-- What is required --
Your copy of the data below must be exact and must leave out all pictures.
^^^^^^^^
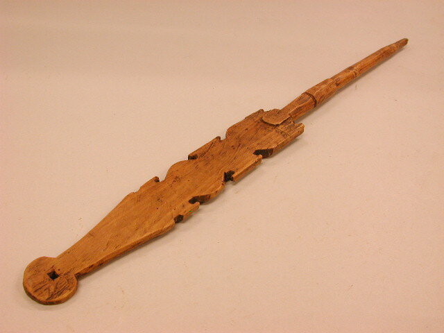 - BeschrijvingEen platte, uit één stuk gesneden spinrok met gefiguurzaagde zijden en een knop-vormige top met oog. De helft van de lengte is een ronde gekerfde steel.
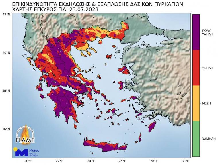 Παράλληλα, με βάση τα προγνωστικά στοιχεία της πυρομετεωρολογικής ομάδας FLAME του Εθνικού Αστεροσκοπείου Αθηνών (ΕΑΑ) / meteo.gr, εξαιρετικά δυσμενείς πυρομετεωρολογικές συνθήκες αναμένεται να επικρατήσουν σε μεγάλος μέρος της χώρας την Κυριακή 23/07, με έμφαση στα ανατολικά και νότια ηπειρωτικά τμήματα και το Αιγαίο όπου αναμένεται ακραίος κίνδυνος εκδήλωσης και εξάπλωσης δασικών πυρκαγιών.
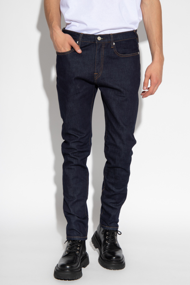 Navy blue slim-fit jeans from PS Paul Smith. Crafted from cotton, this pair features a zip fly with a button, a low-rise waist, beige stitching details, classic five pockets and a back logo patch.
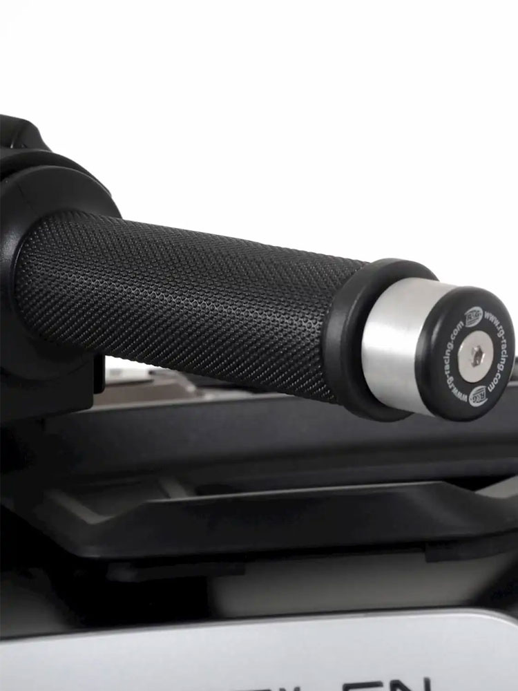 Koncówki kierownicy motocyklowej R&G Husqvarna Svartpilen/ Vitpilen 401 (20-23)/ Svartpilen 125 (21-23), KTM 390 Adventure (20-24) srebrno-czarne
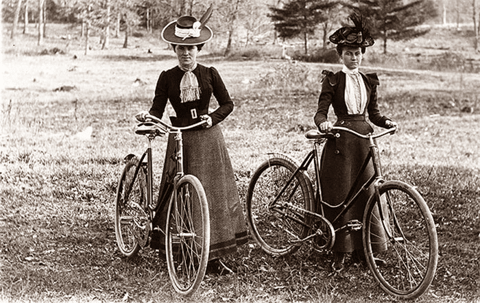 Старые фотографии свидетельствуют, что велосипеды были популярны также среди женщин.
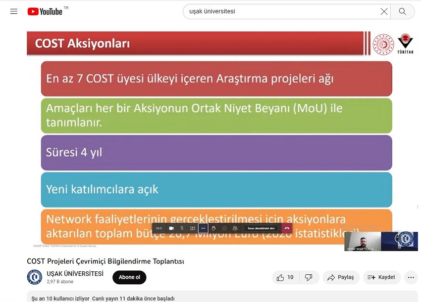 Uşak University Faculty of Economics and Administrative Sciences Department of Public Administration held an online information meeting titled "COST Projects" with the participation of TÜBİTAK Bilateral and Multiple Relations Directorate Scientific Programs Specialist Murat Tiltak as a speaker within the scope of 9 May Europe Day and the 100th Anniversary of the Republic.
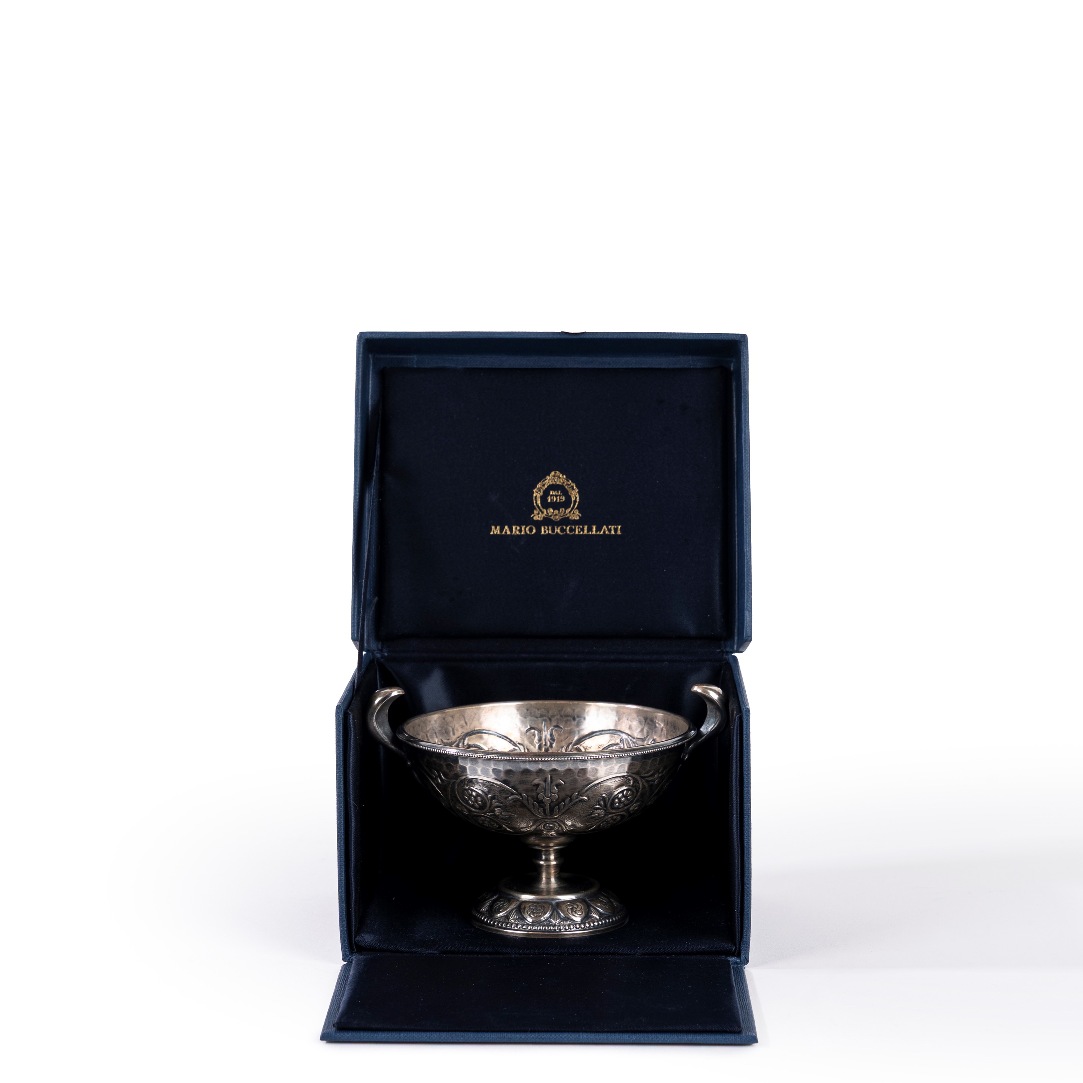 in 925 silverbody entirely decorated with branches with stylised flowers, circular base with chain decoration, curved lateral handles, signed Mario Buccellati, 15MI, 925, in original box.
^^^^^^^^
-- Exercise result --
 - BeschrijvingEen platte, uit één stuk gesneden spinrok met gefiguurzaagde zijden en een knop-vormige top met oog. De helft van de lengte is een ronde gekerfde steel.
 Παράλληλα, με βάση τα προγνωστικά στοιχεία της πυρομετεωρολογικής ομάδας FLAME του Εθνικού Αστεροσκοπείου Αθηνών (ΕΑΑ) / meteo.gr, εξαιρετικά δυσμενείς πυρομετεωρολογικές συνθήκες αναμένεται να επικρατήσουν σε μεγάλος μέρος της χώρας την Κυριακή 23/07, με έμφαση στα ανατολικά και νότια ηπειρωτικά τμήματα και το Αιγαίο όπου αναμένεται ακραίος κίνδυνος εκδήλωσης και εξάπλωσης δασικών πυρκαγιών.
 Navy blue slim-fit jeans from PS Paul Smith. Crafted from cotton, this pair features a zip fly with a button, a low-rise waist, beige stitching details, classic five pockets and a back logo patch.
 Koncówki kierownicy motocyklowej R&G Husqvarna Svartpilen/ Vitpilen 401 (20-23)/ Svartpilen 125 (21-23), KTM 390 Adventure (20-24) srebrno-czarne
 Старые фотографии свидетельствуют, что велосипеды были популярны также среди женщин.
 Uşak University Faculty of Economics and Administrative Sciences Department of Public Administration held an online information meeting titled "COST Projects" with the participation of TÜBİTAK Bilateral and Multiple Relations Directorate Scientific Programs Specialist Murat Tiltak as a speaker within the scope of 9 May Europe Day and the 100th Anniversary of the Republic.
 in 925 silverbody entirely decorated with branches with stylised flowers, circular base with chain decoration, curved lateral handles, signed Mario Buccellati, 15MI, 925, in original box.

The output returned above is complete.